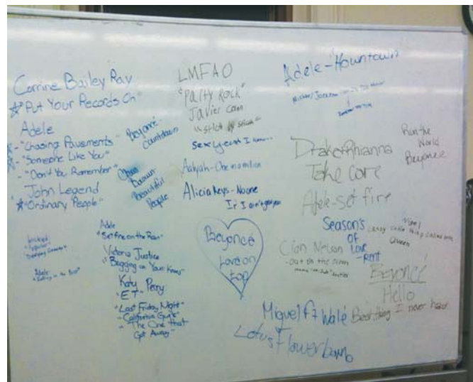
Figure 1: The White Board

1. Repertoire by Request: The White Board (and the Challenges of Pop Repertoire) We have a white board on which students are invited to write their sugges-
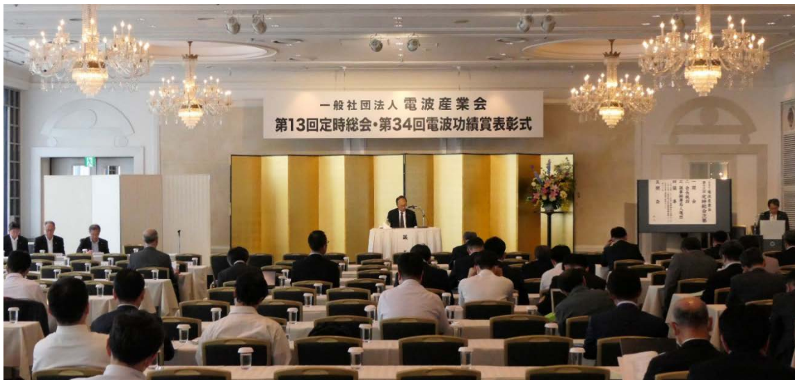
The 13th Annual General Meeting
::::
[ACTIVITY] Could you print the whole listing again, exactly, leaving the pictures out?

[SOLUTION TO THIS TASK]
Figure 1: The White Board

1. Repertoire by Request: The White Board (and the Challenges of Pop Repertoire) We have a white board on which students are invited to write their sugges-
The 13th Annual General Meeting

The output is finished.